Gerd Leipold, executive director of Greenpeace International, told last month’s annual Business for Social Responsibility conference in San Francisco that in the past couple of years he has discovered, ‘to my surprise, that CSR actually can make a difference and has a subversive side’.

Leipold told the 1300 delegates that his view of CSR as ‘the friendly face of greedy corporations’ had changed as his work for the pressure group brought him into close contact with company executives.

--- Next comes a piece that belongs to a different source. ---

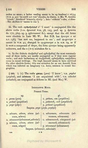 Keywords: Morris-Jones Welsh Grammar 0353.png A scan of the book A Welsh Grammar Historical and Comparative by John Morris-Jones Morris-Jones_Welsh_Grammar_ png 0352 0354 http //www archive org/details/welshgrammarhist00joneuoft 1913 John Morris-Jones 1864 “1929 Author died more than 70 years ago - public domain PD-old Welsh Grammar by John Morris-Jones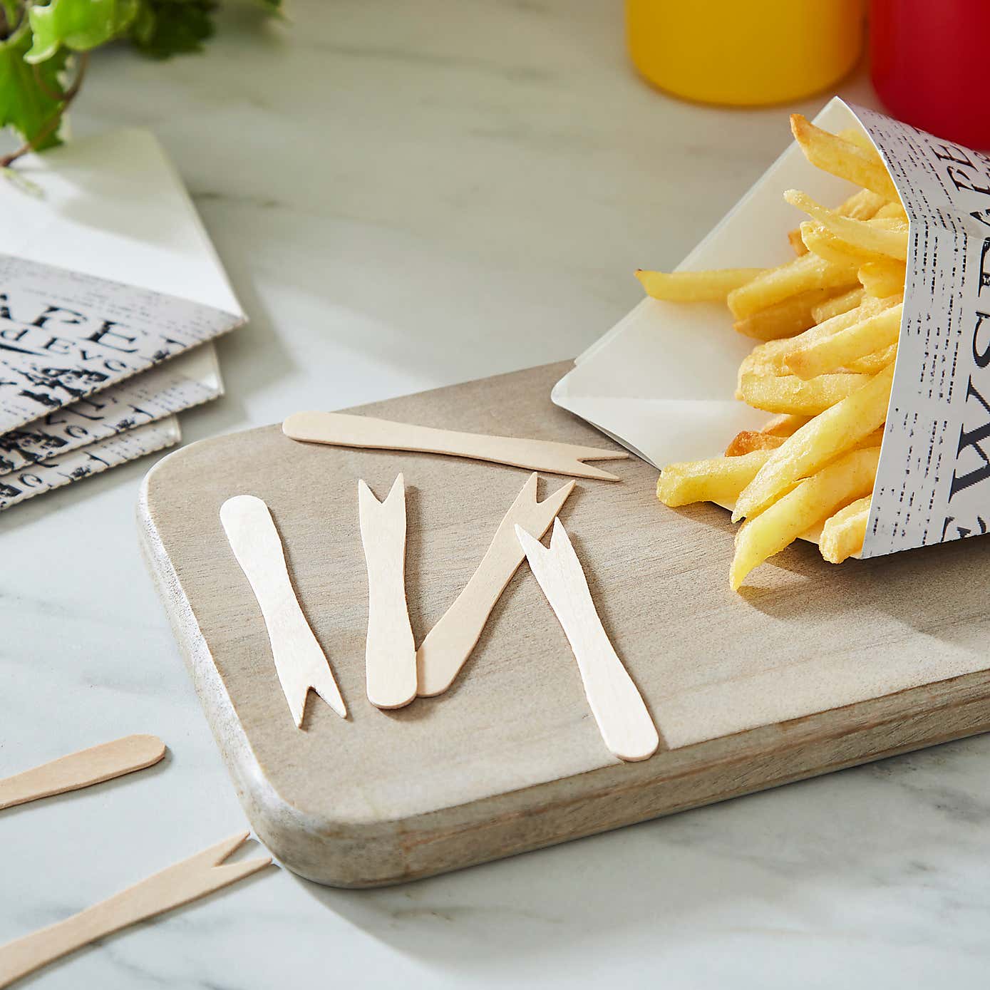 Set of 10 Wooden Chip Forks

Many prominent pressure groups, including War on Want and Christian Aid, remain sceptical of CSR, but Leipold said Greenpeace, which has offices in 41 countries, 2.8 million members and an annual budget of $250m (£125m), no longer held that view. ‘I basically felt corporate responsibility was a contradiction in terms but I don’t believe that any more. Why? Because it has moved up the corporate ladder and because businesses are beginning to talk the same language as us. When you are in an activist organization such as mine it is easy to believe you are the only committed people, but in moments of honest reflection I have to accept that is not the case, and that company executives don’t have the same luxury of freedom of speech.’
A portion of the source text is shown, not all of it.